• ACTIVITY
Pictures are to be left out. Return exactly the lines below from the one with "炭ボディスポンジを使用するに" up to and including the one with "法人名 | 東京メトロポリタンテレビジョン株式会社 |".

• RECORDS FOR THE TASK
+ + + + + + +

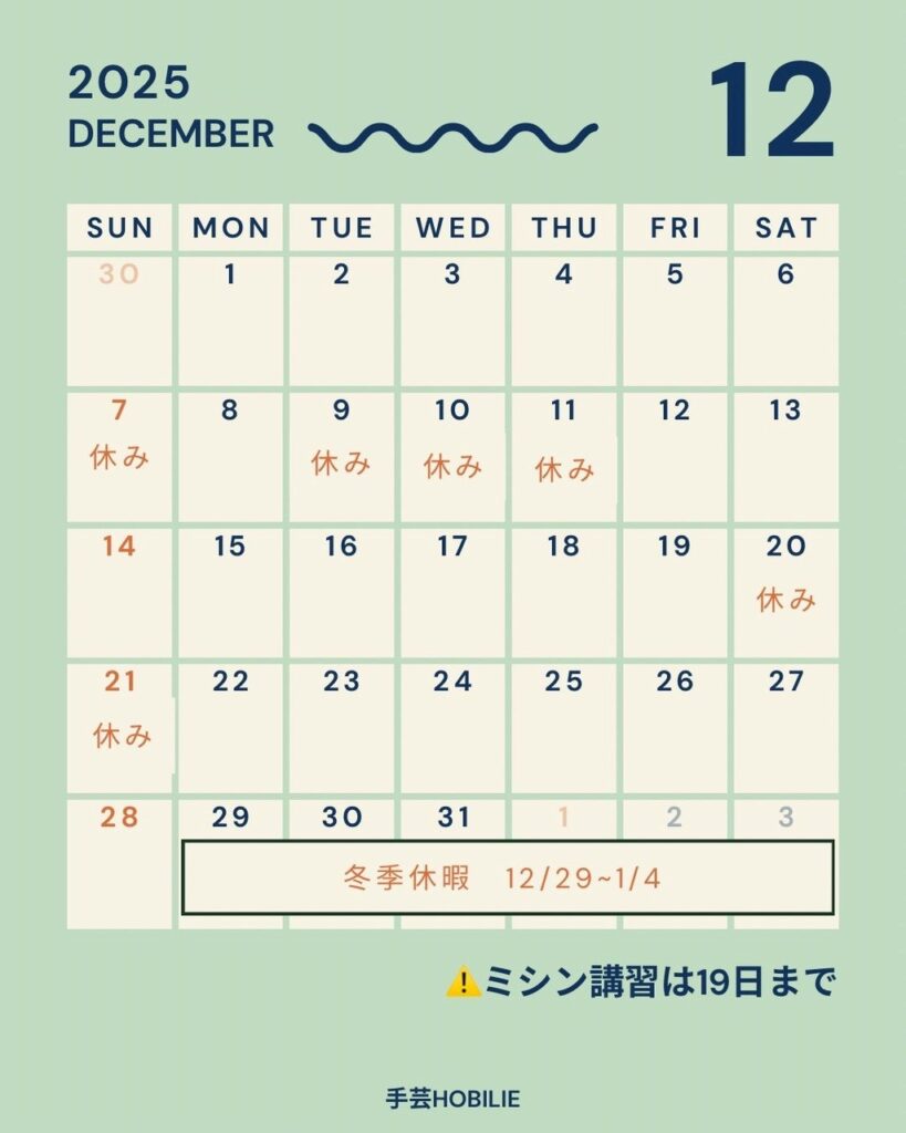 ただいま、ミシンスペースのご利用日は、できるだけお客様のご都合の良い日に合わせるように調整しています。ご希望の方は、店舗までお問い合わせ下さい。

+ + + + + + +

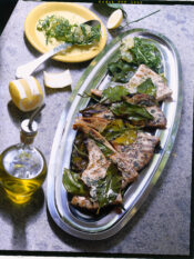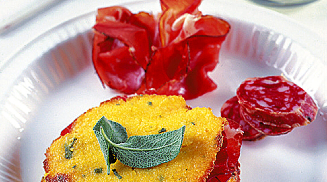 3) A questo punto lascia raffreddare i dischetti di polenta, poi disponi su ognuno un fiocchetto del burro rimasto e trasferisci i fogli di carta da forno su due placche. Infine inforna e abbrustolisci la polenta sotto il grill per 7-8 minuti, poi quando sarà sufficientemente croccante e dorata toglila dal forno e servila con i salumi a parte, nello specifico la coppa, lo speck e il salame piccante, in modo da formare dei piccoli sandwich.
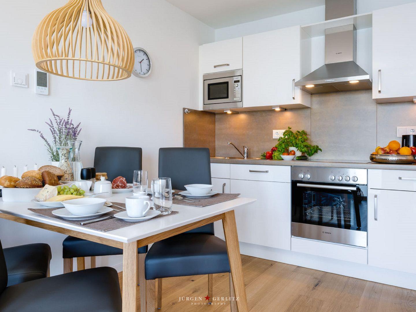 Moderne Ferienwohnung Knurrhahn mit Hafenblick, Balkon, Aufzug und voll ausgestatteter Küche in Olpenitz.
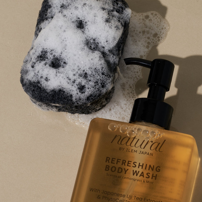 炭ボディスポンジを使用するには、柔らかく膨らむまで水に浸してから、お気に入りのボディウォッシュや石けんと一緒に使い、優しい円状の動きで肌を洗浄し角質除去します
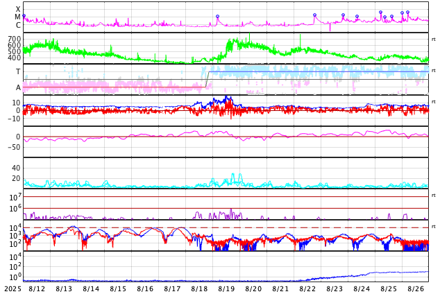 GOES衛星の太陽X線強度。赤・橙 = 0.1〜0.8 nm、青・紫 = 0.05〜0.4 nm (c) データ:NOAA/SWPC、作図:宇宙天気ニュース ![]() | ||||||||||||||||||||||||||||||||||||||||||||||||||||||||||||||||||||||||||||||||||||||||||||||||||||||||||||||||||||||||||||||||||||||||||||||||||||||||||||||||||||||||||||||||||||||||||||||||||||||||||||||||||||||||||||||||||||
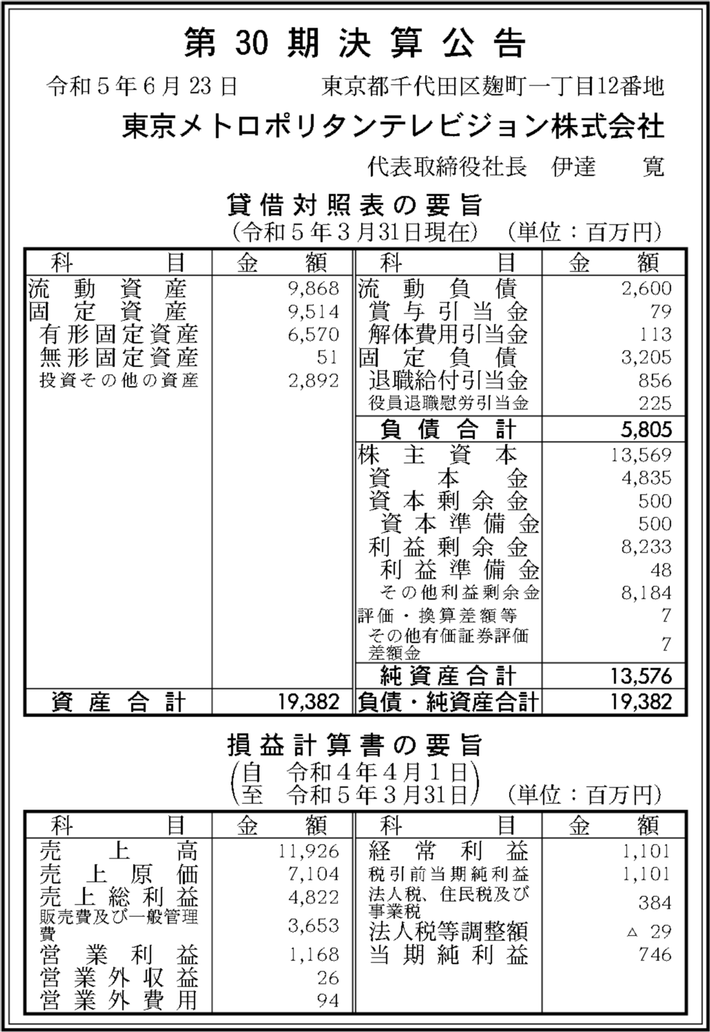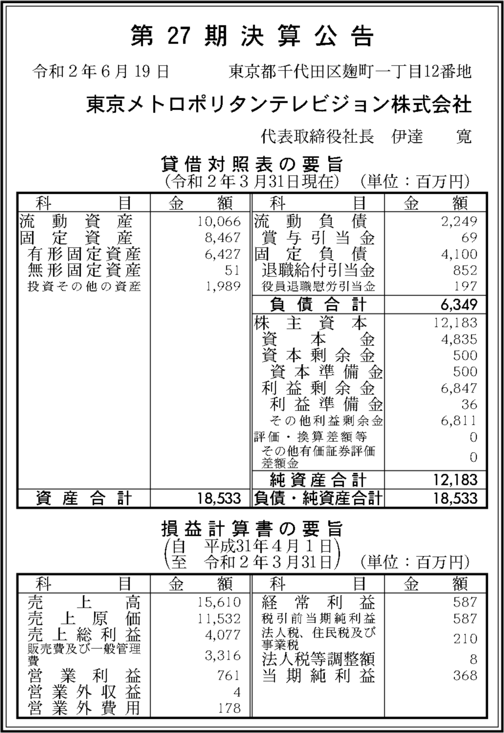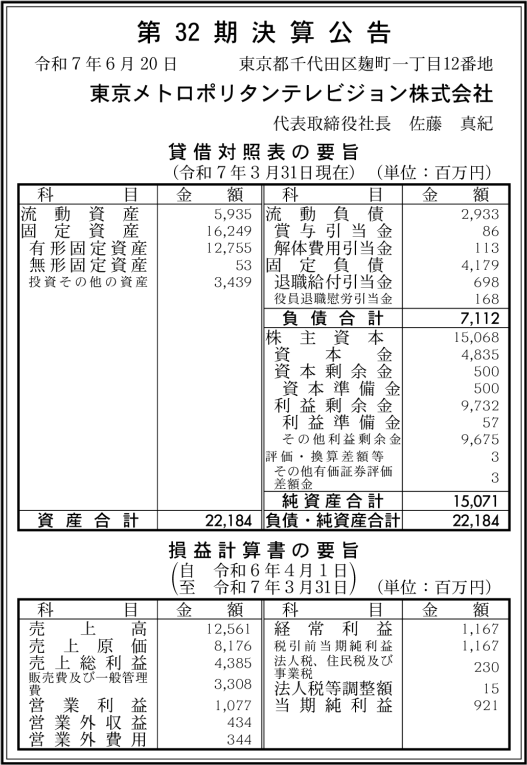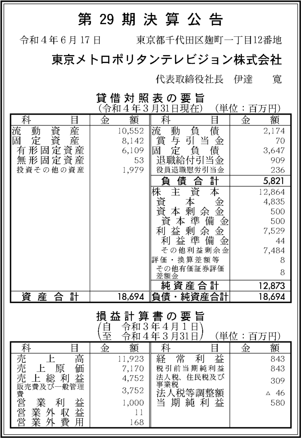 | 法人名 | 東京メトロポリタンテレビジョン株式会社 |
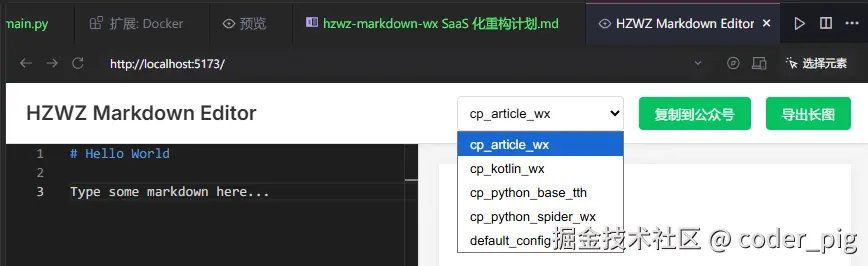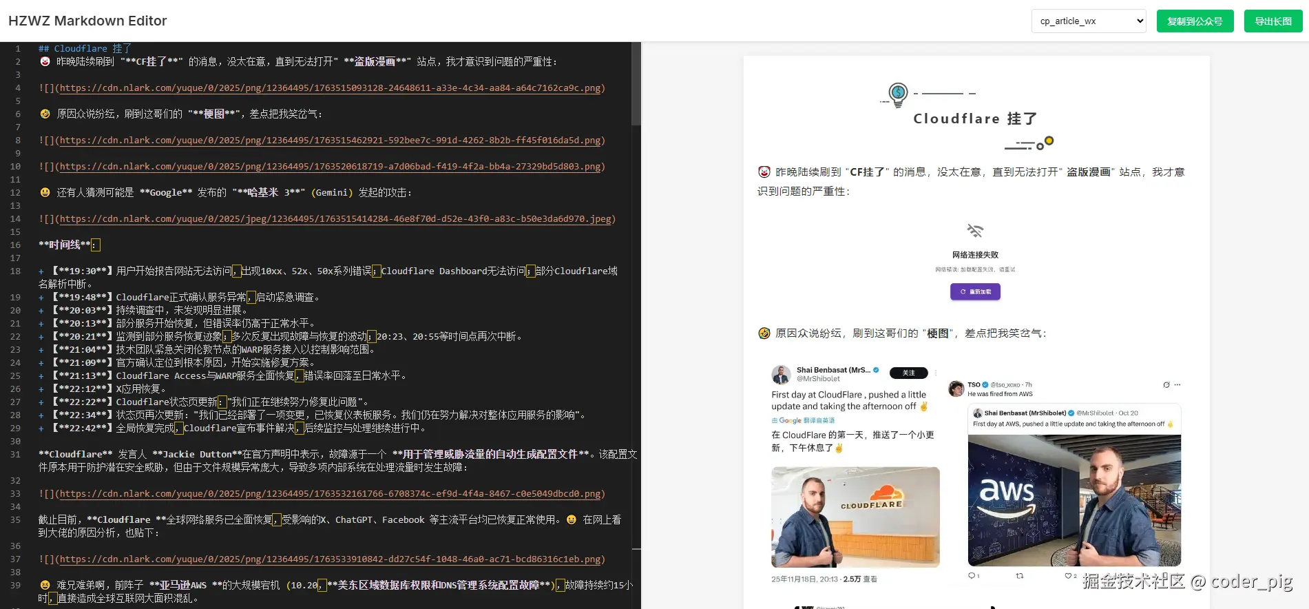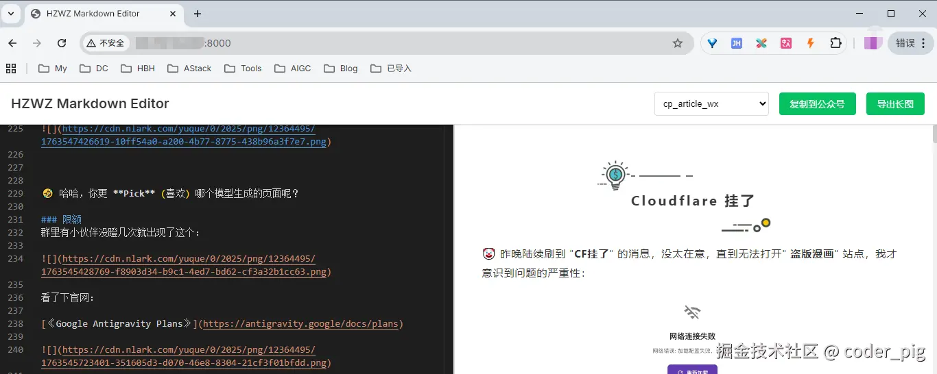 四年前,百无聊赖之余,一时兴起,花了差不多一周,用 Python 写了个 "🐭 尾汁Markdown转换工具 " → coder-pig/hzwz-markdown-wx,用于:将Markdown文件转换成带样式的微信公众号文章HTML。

+ + + + + + +

• OUTPUT BELOW
 炭ボディスポンジを使用するには、柔らかく膨らむまで水に浸してから、お気に入りのボディウォッシュや石けんと一緒に使い、優しい円状の動きで肌を洗浄し角質除去します
 GOES衛星の太陽X線強度。赤・橙 = 0.1〜0.8 nm、青・紫 = 0.05〜0.4 nm (c) データ:NOAA/SWPC、作図:宇宙天気ニュース ![]() | ||||||||||||||||||||||||||||||||||||||||||||||||||||||||||||||||||||||||||||||||||||||||||||||||||||||||||||||||||||||||||||||||||||||||||||||||||||||||||||||||||||||||||||||||||||||||||||||||||||||||||||||||||||||||||||||||||||
 | 法人名 | 東京メトロポリタンテレビジョン株式会社 |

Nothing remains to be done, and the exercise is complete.